The Dalai Lama once said, “Happiness is not something ready-made. It comes from your own actions.” During the difficult period of my life I leaned strongly on the philosophy of Buddhism. Among other lessons, I learned that the gift of giving not only brings abundant satisfaction and happiness to the giver, but it also can create a ripple effect: one small act of kindness can mean so much to so many.
And so I began a 12-month project. I decided that each week for one year I would pick up the bill for someone at a coffee shop and leave before they knew.
This simple act was something I really looked forward to, and it became so much more than just buying a meal or coffee. For me, it was a study in human nature, a break from technology, and an opportunity to let someone know they had been seen. In this fast-paced life of faceless and nameless people, I wanted them to know that — of all the people in the restaurant — they had been noticed.
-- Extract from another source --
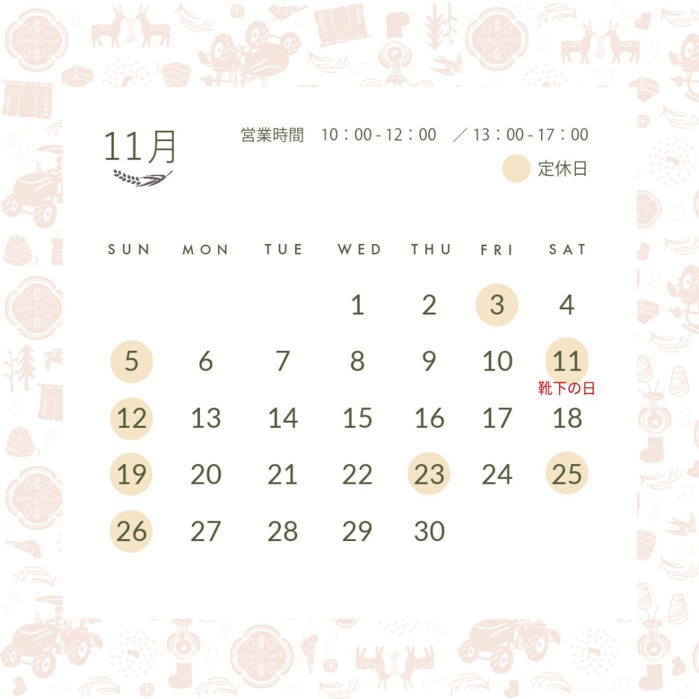 11月の営業日のお知らせです🧦

I often did this at the same coffee shop where the owner knew me and knew the drill. Don’t ask any questions, don’t ever let them know who I am, and don’t tell them until I have left. He would just laugh and shake his head, but the smile on his face and the knowledge that he too was part of this act of kindness added to the experience.
In order to choose who would be the recipient, I spent a lot of time studying people, their body language, and their actions. One time it was an exhausted mum whose child had spilled her baby’s warm milk all over the table, and I recognized that fine line between her calm demeanor and an almighty meltdown. Or the young man who picked up the menu, his eyes immediately darting to the right of the page to check out the prices before reading what was on offer. There was a sweet elderly man who would wipe his upper lip with his handkerchief after every sip of his cappuccino. He sat alone staring out into the park across the road.
Each one of these people had their own story to tell and each one deserved to be seen and validated.
One Saturday I shared with my daughters what I had been doing, and their response was priceless. “Wait, what do you mean,” asked my older daughter, confused. “You just paid for that guy’s meal?” “Yes, and I have been doing this for some time because it makes me feel good,” I responded. Both girls laughed and laughed, not because they were surprised, but because in their words, “that is such a cool thing to do.”
And so it became a family project, but it was also our secret. We would go out for coffee or breakfast and decide together whom we would choose and why. The observations, the conversations, and the link back to humanity were again another wonderful aspect to this project. No longer would the girls be consumed with taking photos of their meals to upload to social media. Instead, we talked. We talked about life, struggles, and why some people find themselves in the positions they are in. We talked about empathy, understanding, and the need to educate ourselves. But most importantly, we talked about our social responsibility to help others when we can.
Our experiment is now over, and I have moved on to other projects — all with the common thread of giving back and helping others. Fifty-two coffees have been given away, and in that moment, 52 people have been reminded that there is kindness in the world. My hope is that many use that feeling and pay it forward to another.